Как-го по весне посылал ранее Иван Васильевич воеводу Костьку Беззубцева с малой ратью под Казань. Приказал с татарами в бой не вступать, а места те поразведать. Что делается под городом, московские воеводы знали — под Казань отец великого князя не единожды хаживал. А вот что окрест находиться, какие люди живут, как они к русскому народу относятся—это воеводы знали плохо. А сам Иван Васильевич по младости и вовсе ничего не ведал. А коли думаешь Казань воевать, то знать все это надобно.

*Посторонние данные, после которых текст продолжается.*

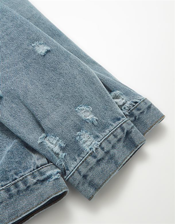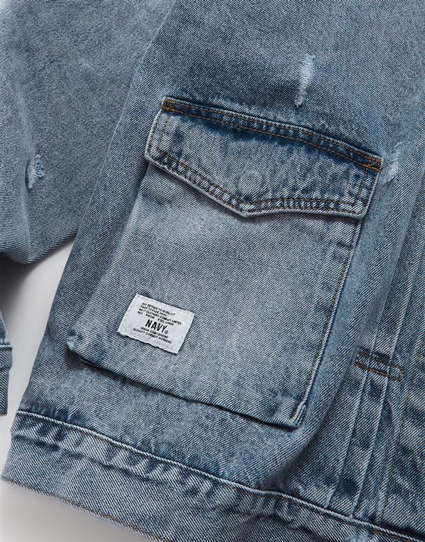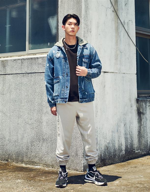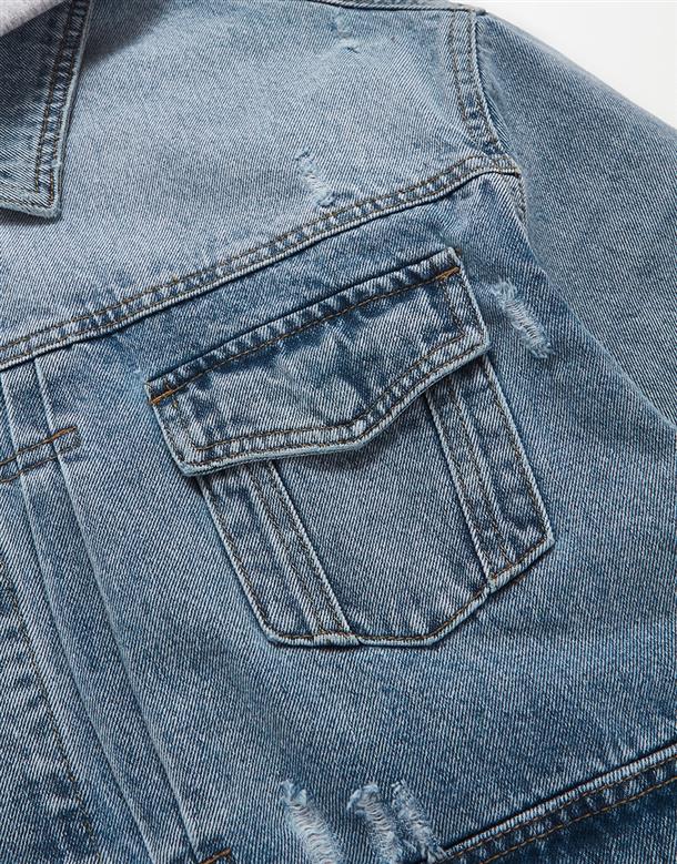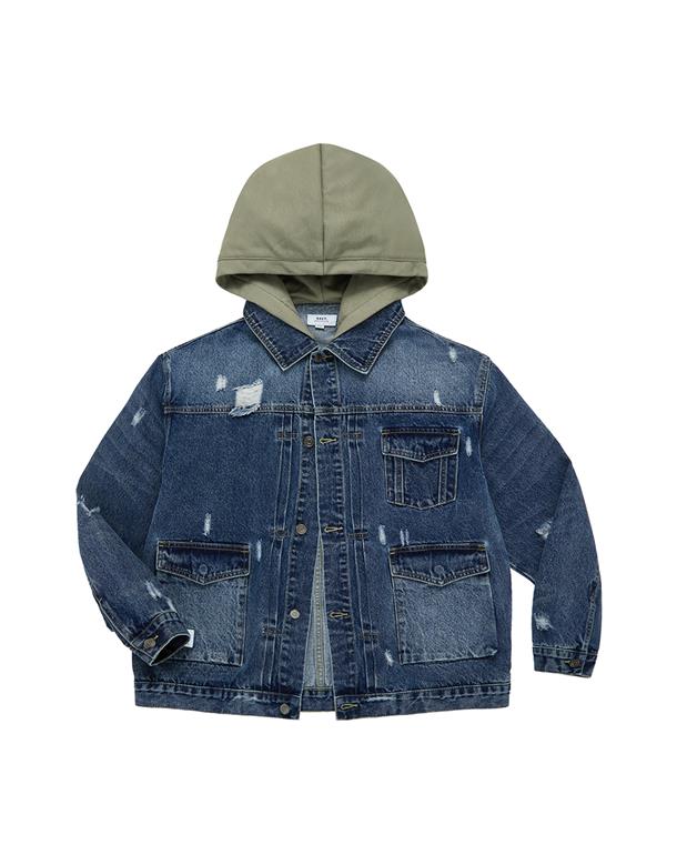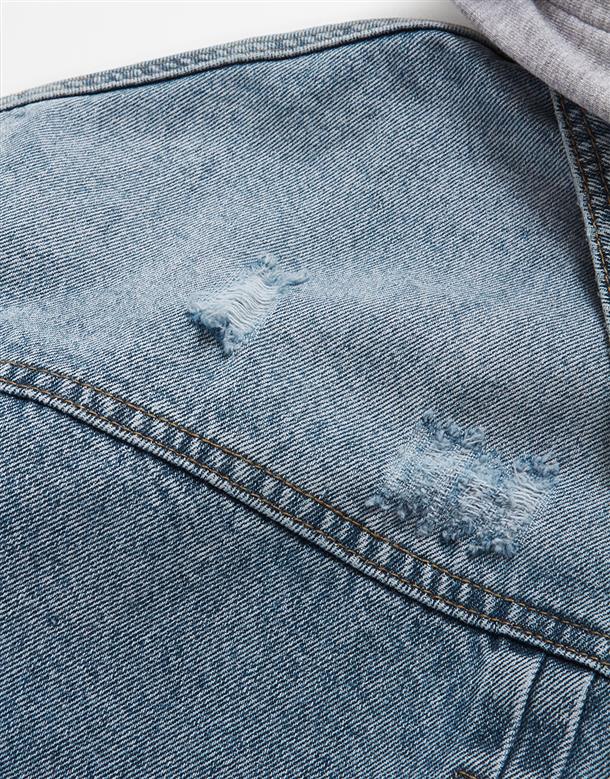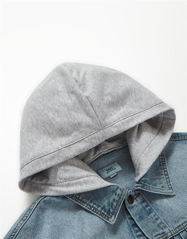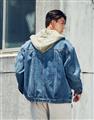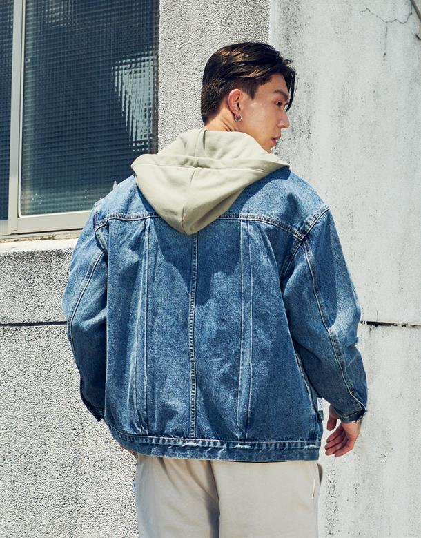 秋冬必備經典百搭洗水可拆帽牛仔落肩外套。

Возвратились рати летом не подобру-поздорову. Довел воевода рать до Суры тихо, спокойно, изладил паром, перевез через реку. Не успели воины в седла сесть, как налетела на них из лесу сила неисчислимая. С конными сражаться можно было бы — русские всадники сабельками махать умеют, но из леса, будто из грозовой тучи, дождь стрел каленых. Половина рати полегла тут же на берегу, многие разбежались по лесу, а сам Костька, раненый в плечо, с малой кучкой воинов еле успел вскочить на паром и возвернулся восвояси.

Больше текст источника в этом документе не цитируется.